The stray thought flew out of my head when his dark brown eyes locked onto mine.
Heat bloomed low in my belly, but it was the other feeling he sparked that rattled me more. Safety.
I barely knew Callum, but he made me feel like nothing could touch me as long as he stood there. And that scared me almost as much as the messed-up situation he was helping me with.
“Hey,” I managed, my voice too breathy for my liking.
He gave a short nod. “Gemma.”
“Come in.” I stepped back, hoping he couldn’t tell how nervous I was.

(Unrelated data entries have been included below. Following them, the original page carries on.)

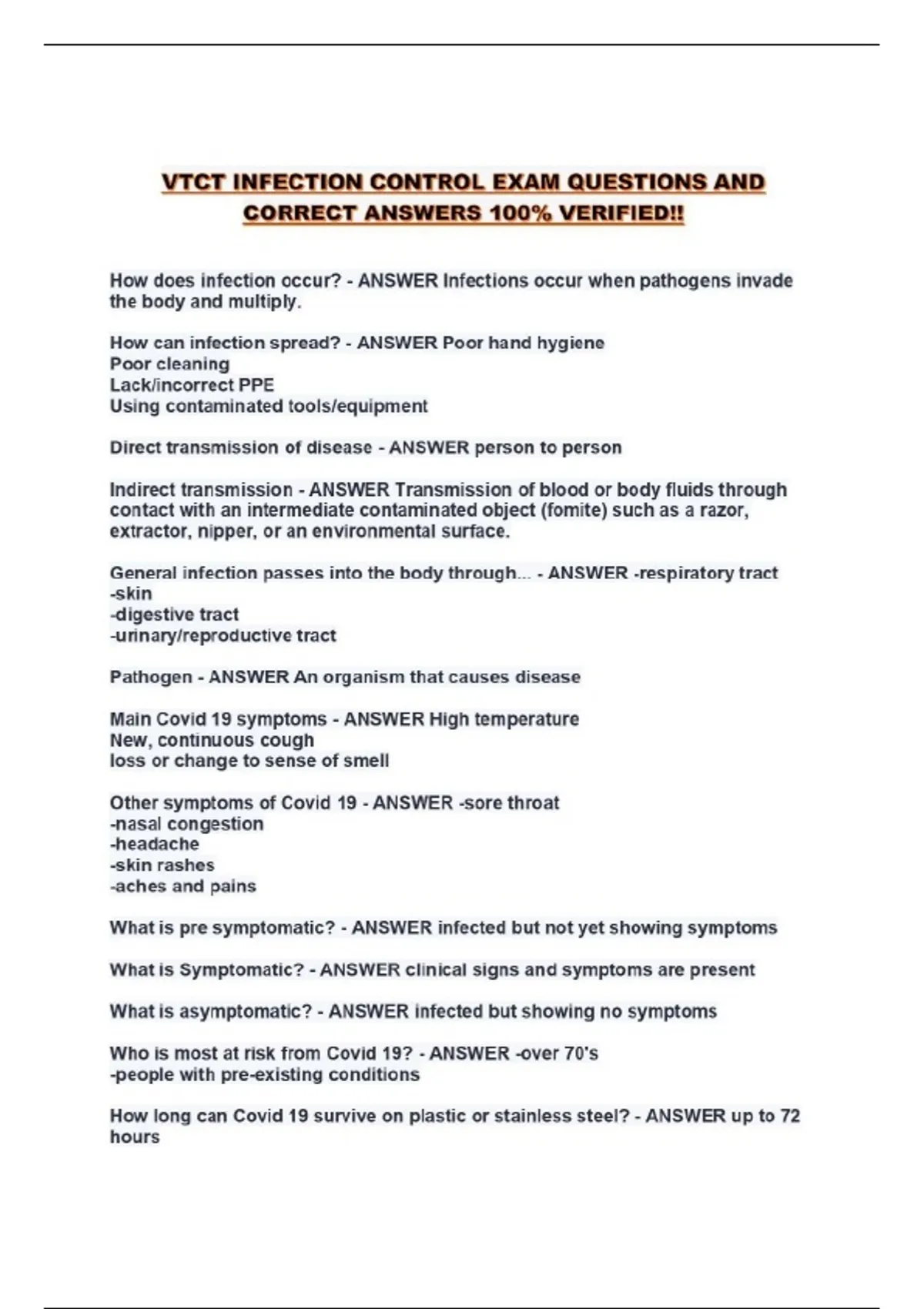 VTCT INFECTION CONTROL EXAM QUESTIONS AND CORRECT ANSWERS 100% VERIFIED!!...
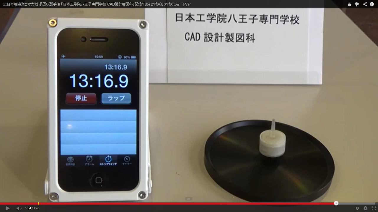 昨年、11月16日に本校八王子キャンパスで行われた「コマ大戦 プレ世界大会 in 八王子」単独回転時間部門で優勝した日本工学院八王子専門学校CAD設計製図科(現l機械設計科)Aチームの記録ですが、その後、単独回転部門が「スタンダード」と「メカニカル」の2つに別れたため、新たに「メカニカル」の種目にノミネートされ、現在2位をキープしていることがわかりました。今後は電力や磁力などを組み込んだタイプのコマは「メカニカル」に分類されるそうですが、まだ、あまりエントリーするチームがいないのが現状のようです。大会に出場しなくても、コマの動画を撮影し、YouTubeにアップすればエントリーできます。
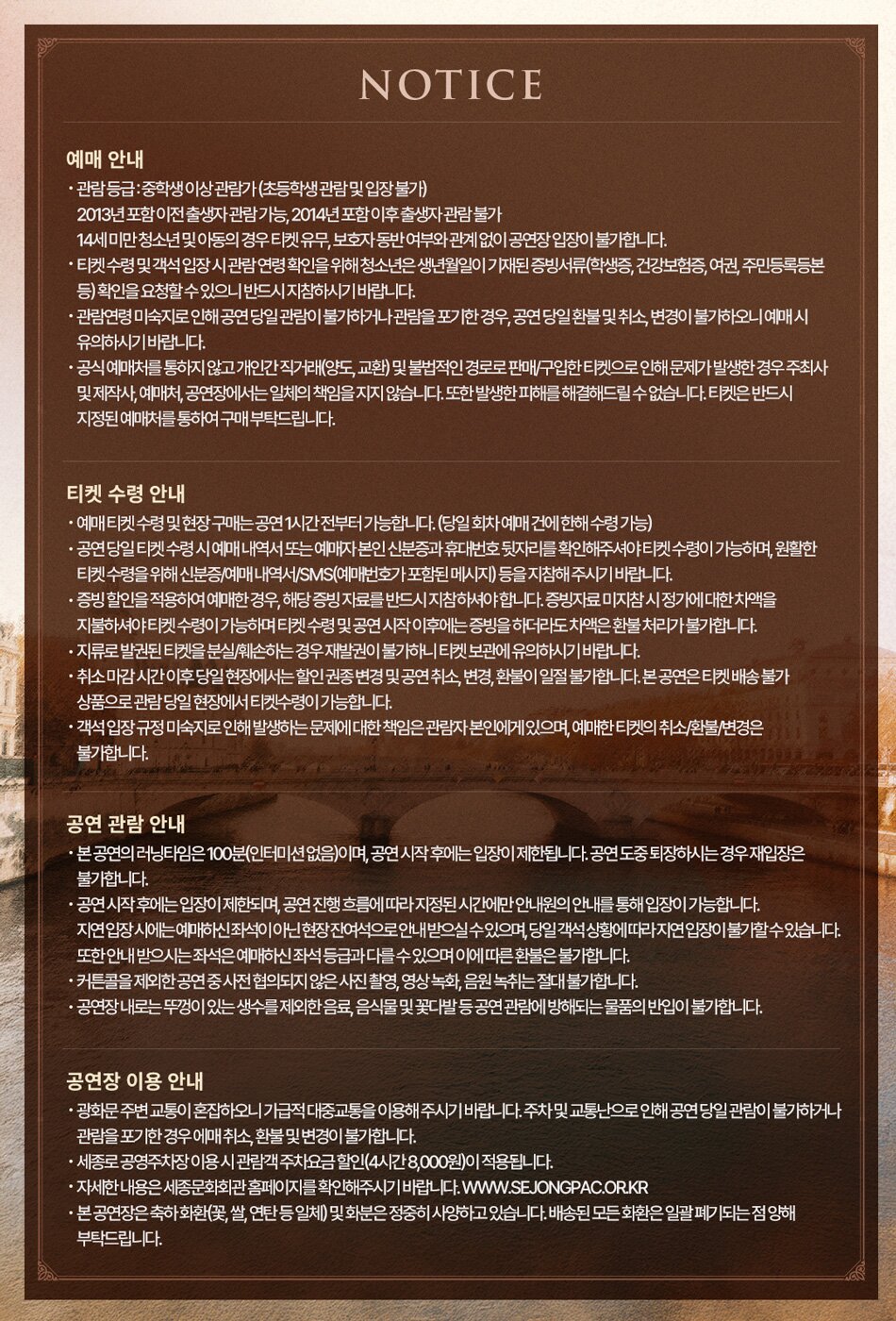- 공연이 시작된 이후에는 안내원의 유도에 따라서만 입장할 수 있으며, 본인 좌석이 아닌 빈 좌석으로 안내될 수 있습니다.
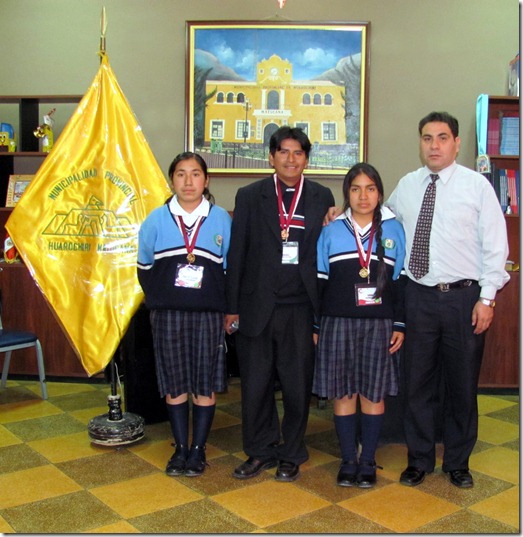 Las escolares Thalía Yanela Ricra Cárdenas (15) y Sara Carhuamaca oré (17), del colegio San Mateo de Huanchor – provincia de Huarochirí, quienes ganaron el primer puesto del concurso de Ciencias e Ingeniería 2011, realizado en México, visitaron la municipalidad provincial de Huarochirí para agradecer por el apoyo brindado por la alcaldesa provincial Rosa Vásquez Cuadrado y por los nueve regidores que conformen el concejo provincial.
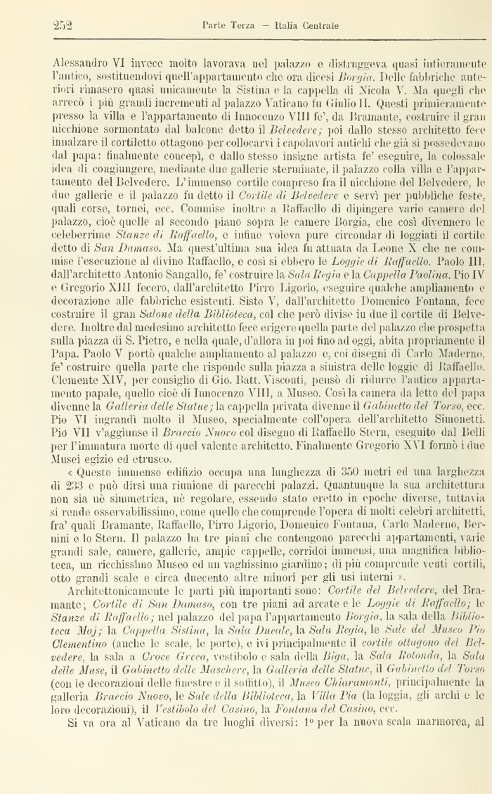 Alessandro VI invece molto lavorava nel palazzo e distruggeva quasi intieramente l'antico, sostituendovi quell'appartamento che ora dicesi Borgia. Delle fabbriche anteriori nniasero quasi unicamente la Sistina e la cappella di Nicola \. Ma quegli che arrecò i più granili incrementi al palazzo Vaticano fu Giulio II. Questi primieramente presso la villa e l'appartamento di Innocenzo Vili fe', da Bramante, costruire il gran nicchione sormontato dal balcone detto il Belvedere; poi dallo stesso architetto fece innalzare il cortiletto ottagono per collocami icapolavori antichi (die già si possedevano dal papa: finalmente concepì, e dallo stesso insigne artista fe' eseguire, la colossale alea di cougiungere, mediante due gallerie sterminate, il palazzo colla villa e l'appartamento del Belvedere. L'immenso cortile compreso fra il nicchione del Belvedere, le due gallerie e il palazzo fu detto il Cortile di Belvedere e servì per pubbliche feste, quali corse, tornei, ecc. Commise inoltre a Jlaffaello di dipingere varie camere del palazzo, cioè quelle al secondo piano sopra le camere Borgia, che così divennero le celeberrime Stanze di Raffaello, e infine voleva pure circondar di loggiati il cortile detto di San Damano. Ma quest'ultima sua idea fu attuata da Leone \ che ne coni mise l'esecuzione al divino Eaffaello, e così si ebbero le Loggie di Raffaello. Paolo III. dall'architetto Antonio Sangallo, fe' costruire la Sala Regia e la Cappella Paolina. Pio IV e Gregorio XIII fecero, dall'architetto l'ino Ligorio, eseguire qualche ampliamento e decorazione alle fabbriche esistenti. Sisto V, dall'architetto Domenico Fontana, fece costruire il gran Salone della Biblioteca, col che però divise iu due il cortile di Belvedere. Inoltre dal medesimo architetto fece erigere quella parte del palazzo che prospetta sulla piazza di S. Pietro, e nella quale, d'allora 111 poi tino ad oggi, abita propriamente il Papa. Paolo V portò qualche ampliamento al palazzo e, coi disegni di Carlo Mademo, fe' costruire quella parte che risponde sulla piazza a sinistra delle loggie di Baila elio. Clemente XIV, per consiglio di Gio. Batt. Visconti, pensò di ridurre l'antico appartamento papale, quello cioè di Innocenzo Vili, a Museo. Cosila camera da letto del papa divenne la Galleria delle Statue;\i\(&\)\)oWi\ privata divenne il Gabinetto del Torso, ecc. Pio VI ingrandì molto il Museo, specialmente coll'opera dell'architetto Simonetti. Pio VII v'aggiunse il Braccio Nuovi, col disegno di Raffaello Stern, eseguito dal Belli per l'immatura morte di quel valente architetto. Finalmente Gregorio N \ I formò i due Musei egizio ed etrusco.
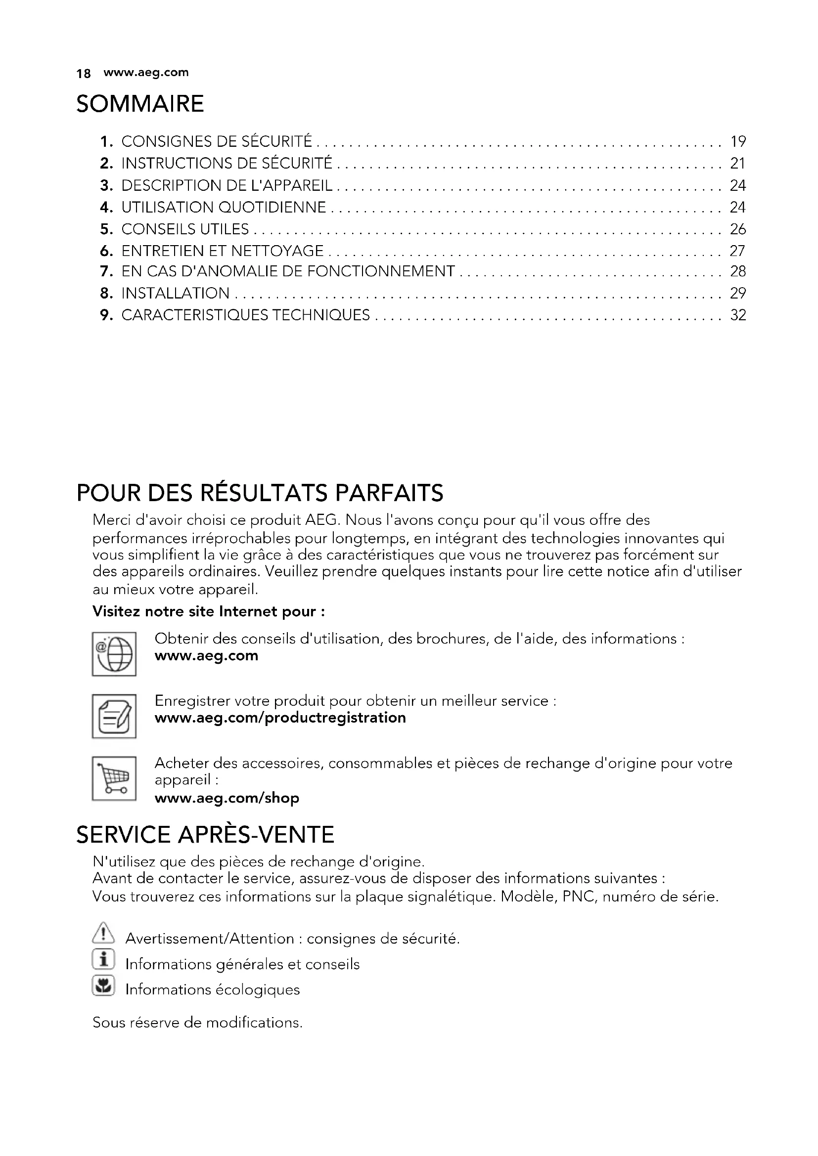 Merci d'avoir choisi ce produit AEG. Nous l'avons conçu pour qu'il vous offre des performances irréprochables pour longtemps, en intégrant des technologies innovantes qui vous simplifient la vie grâce à des caractéristiques que vous ne trouverez pas forcément sur des appareils ordinaires. Veuillez prendre quelques instants pour lire cette notice afin d'utiliser au mieux votre appareil. Visitez notre site Internet pour : Obtenir des conseils d'utilisation, des brochures, de l'aide, des informations : www.aeg.com Enregistrer votre produit pour obtenir un meilleur service : www.aeg.com/productregistration Acheter des accessoires, consommables et pièces de rechange d'origine pour votre appareil : www.aeg.com/shop
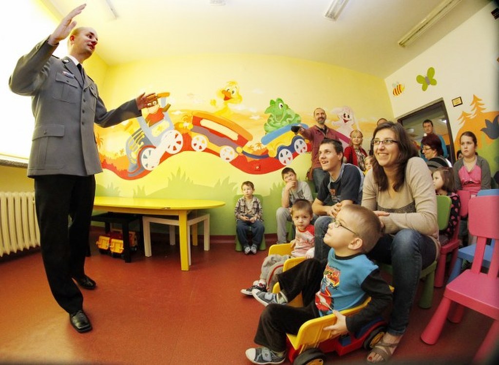 Podczas tej krótkiej wizyty policjanci pouczyli dzieci o bezpiecznym zachowaniu się na drodze / fot. Andrzej Grygiel (PAP)
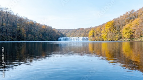 Fototapeta premium Autumn Waterfall reflecting in calm lake. Peaceful scenery. Use for nature...
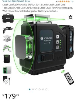 Laser Level,BOHDANGE 3x360° 3D 12 Lines Laser Level Line Tool,Green Cross Line Self Leveling Laser Level for Picture Hanging, Wall Mount Bracket,Recha$59Queens, NY
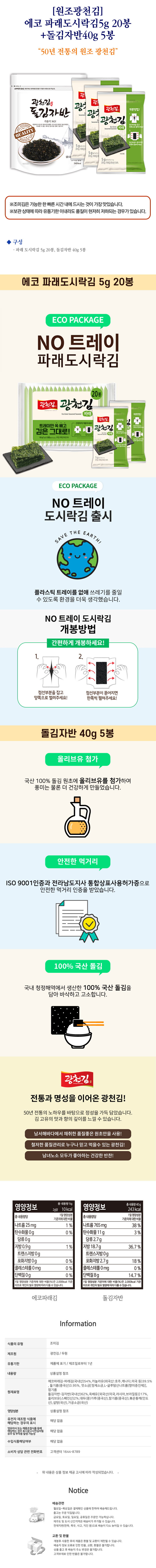 원조광천김 에코 파래도시락김5g 20봉+돌김자반40g 5봉

He moved past me with the grace of a stalking panther, his gaze sweeping the entryway and living room, lingering longest on the windows.
“You don’t have to do a full tactical sweep,” I joked, trying to break the tension. “I swear the plants haven’t turned against me yet.”
He didn’t even smile. “Where’s your breaker box?”
I blinked. “Um, in the garage. Which is my studio space now.”
He nodded once. “We’ll head out there after I do that tactical sweep, which is very much necessary.”
Pausing by the window, he tapped the trim. “No sensor. I’ll add magnetic contacts here and here. Glass break detectors, too.”
I blinked. “You’re planning to install stuff yourself?”
He glanced over his shoulder at me. “Absolutely.”
Butterflies swirled in my belly as he moved on, muttering about sightlines, exterior exposure, and interference shielding. I trailed him but did not understand at least half of what he said.
When we walked to the kitchen, he scanned the back door and the small window above the sink. “Deadbolt’s decent. I’ll upgrade the strike plate. Add a motion sensor on the exterior light. And a silent alarm pad behind the pantry door that only you and I will know about.”
My eyes kept getting wider. “Is this the part where you tell me I should sleep with a knife under my pillow?”
“No,” he said without missing a beat. “Because I’m installing a panic button near your bed.”
I stopped in the middle of the room. “Wait, what?”
Callum finally turned to face me, arms crossed over his broad chest, his expression carved from stone. “You said someone accessed your encrypted system and sent you a threat. That makes this a targeted breach, not a random hack.”
“I know,” I whispered.
“I take targeted threats seriously.”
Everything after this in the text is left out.